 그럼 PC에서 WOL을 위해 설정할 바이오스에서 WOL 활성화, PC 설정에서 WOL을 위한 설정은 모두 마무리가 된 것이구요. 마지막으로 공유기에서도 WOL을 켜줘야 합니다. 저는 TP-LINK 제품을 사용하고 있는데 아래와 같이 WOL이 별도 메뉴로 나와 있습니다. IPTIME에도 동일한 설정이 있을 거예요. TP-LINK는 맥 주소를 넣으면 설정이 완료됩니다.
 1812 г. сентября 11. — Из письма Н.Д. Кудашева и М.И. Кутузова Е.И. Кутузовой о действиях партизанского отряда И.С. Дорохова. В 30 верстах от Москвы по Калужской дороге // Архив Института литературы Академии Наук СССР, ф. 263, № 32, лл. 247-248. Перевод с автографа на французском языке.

----

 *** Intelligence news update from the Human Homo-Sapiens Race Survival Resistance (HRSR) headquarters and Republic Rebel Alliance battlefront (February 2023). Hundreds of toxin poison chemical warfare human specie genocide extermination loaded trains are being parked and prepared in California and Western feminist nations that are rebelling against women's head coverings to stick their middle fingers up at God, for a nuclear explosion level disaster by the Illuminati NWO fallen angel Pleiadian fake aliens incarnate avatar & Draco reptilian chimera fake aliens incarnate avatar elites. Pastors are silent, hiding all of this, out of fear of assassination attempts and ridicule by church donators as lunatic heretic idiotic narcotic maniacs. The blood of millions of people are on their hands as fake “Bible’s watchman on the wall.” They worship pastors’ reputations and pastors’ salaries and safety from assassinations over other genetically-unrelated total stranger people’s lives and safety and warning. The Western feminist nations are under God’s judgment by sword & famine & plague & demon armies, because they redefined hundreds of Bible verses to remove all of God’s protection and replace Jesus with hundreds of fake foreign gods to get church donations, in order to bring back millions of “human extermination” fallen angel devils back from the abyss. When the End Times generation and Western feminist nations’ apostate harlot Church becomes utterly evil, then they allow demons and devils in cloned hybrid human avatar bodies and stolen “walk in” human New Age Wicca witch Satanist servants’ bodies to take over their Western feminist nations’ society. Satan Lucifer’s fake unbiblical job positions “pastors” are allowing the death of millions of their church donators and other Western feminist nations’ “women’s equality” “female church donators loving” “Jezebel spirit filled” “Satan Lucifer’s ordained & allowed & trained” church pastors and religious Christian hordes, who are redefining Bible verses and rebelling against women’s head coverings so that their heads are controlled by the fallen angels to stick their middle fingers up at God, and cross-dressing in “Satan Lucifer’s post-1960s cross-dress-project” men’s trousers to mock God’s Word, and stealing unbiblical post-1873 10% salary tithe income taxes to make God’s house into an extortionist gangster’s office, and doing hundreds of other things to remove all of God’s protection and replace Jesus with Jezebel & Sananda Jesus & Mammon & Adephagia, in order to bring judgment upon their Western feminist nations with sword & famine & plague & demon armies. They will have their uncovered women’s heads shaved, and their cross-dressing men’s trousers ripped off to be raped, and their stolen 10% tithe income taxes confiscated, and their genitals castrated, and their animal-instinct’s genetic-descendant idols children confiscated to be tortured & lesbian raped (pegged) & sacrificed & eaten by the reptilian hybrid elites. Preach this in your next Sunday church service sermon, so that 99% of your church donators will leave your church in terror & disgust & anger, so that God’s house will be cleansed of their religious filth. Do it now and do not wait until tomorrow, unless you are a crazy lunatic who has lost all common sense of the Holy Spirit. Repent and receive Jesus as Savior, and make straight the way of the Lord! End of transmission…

----

__Assignment__. Given the records above, return exactly the lines starting at the line containing "그럼 PC에서 WOL을" and ending at the line containing "1812 г. сентября", including both.

__Solution to this problem__.
 그럼 PC에서 WOL을 위해 설정할 바이오스에서 WOL 활성화, PC 설정에서 WOL을 위한 설정은 모두 마무리가 된 것이구요. 마지막으로 공유기에서도 WOL을 켜줘야 합니다. 저는 TP-LINK 제품을 사용하고 있는데 아래와 같이 WOL이 별도 메뉴로 나와 있습니다. IPTIME에도 동일한 설정이 있을 거예요. TP-LINK는 맥 주소를 넣으면 설정이 완료됩니다.
 1812 г. сентября 11. — Из письма Н.Д. Кудашева и М.И. Кутузова Е.И. Кутузовой о действиях партизанского отряда И.С. Дорохова. В 30 верстах от Москвы по Калужской дороге // Архив Института литературы Академии Наук СССР, ф. 263, № 32, лл. 247-248. Перевод с автографа на французском языке.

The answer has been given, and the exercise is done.